Se c’è qualcosa che mi pesa è la tristezza / perché so che i cuori non sono pieni di gioia / e d’amore l’uno per l’altro. / È una lunga strada / da cui non c’è ritorno. / Mentre siamo sulla strada / perché non condividere il carico? / (Anche se) non mi appesantisce affatto: / non è un peso… è mio fratello.

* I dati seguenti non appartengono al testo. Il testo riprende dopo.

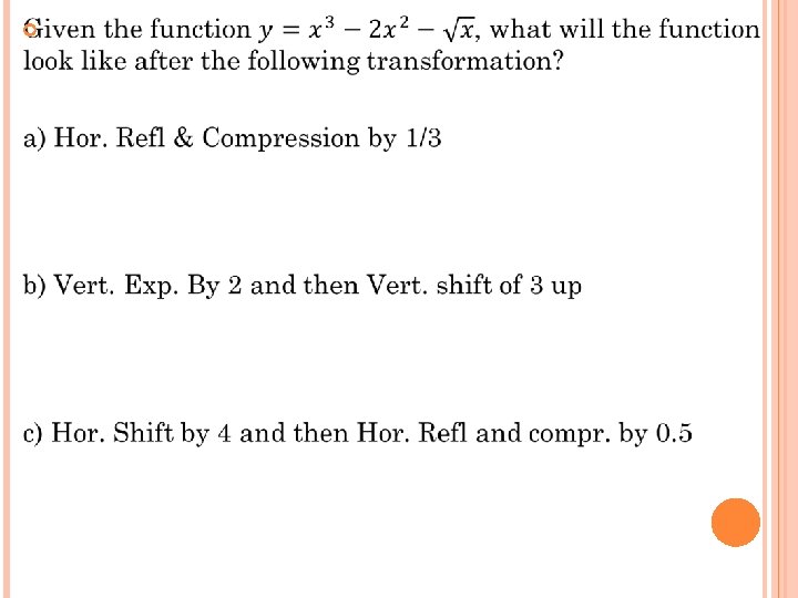 Ex: Given that the coordinates (2 d, 3 e) is on the original function, which of the following will be the coordinates after the transformation: V. C. by a factor of 2/3 H. C. by a factor of 1/3 H. S. 3 units right V. S. 6 units up © Copyright All Rights Reserved Homework Depot www. BCMath. ca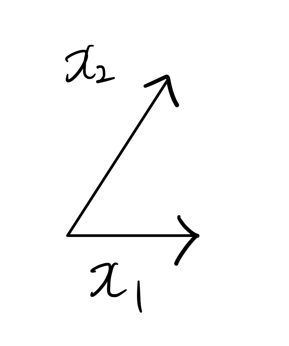 어떤 \(\mathbb{R}^2\) space 평면에 \(x_1, x_2\)가 아래의 그림과 같이 있다고 한다면

La condivisione del peso della vita e l’amore reciproco senza distinzioni né condizioni non sono più valori preminenti. Gli interessi particolari, familiari, personali, di casta o di (presunta) nazione sono tornati a prevalere. Si colpisce l’altro nel nome dell’odio, esplicito e rivendicato. Dice bene Daisy Osakue, l’atleta di colore aggredita l’altra notte a Moncalieri, intervistata da Repubblica: «Dopo dieci mesi all’estero ho trovato un Paese diverso. Se dai odio, l’unica cosa che ottieni è odio. Se in tv vengono lanciati messaggi contro gli immigrati, presentandoli come un pericolo, chi sente quelle parole reagisce come un giustiziere». Sarebbe utile, se non addirittura indispensabile, che un po’ del vento del Sessantotto tornasse a spirare sulle città, sui paesi, nelle università, nei parlamenti dell’Occidente, magari nella forma di canzone, come fecero gli Hollies.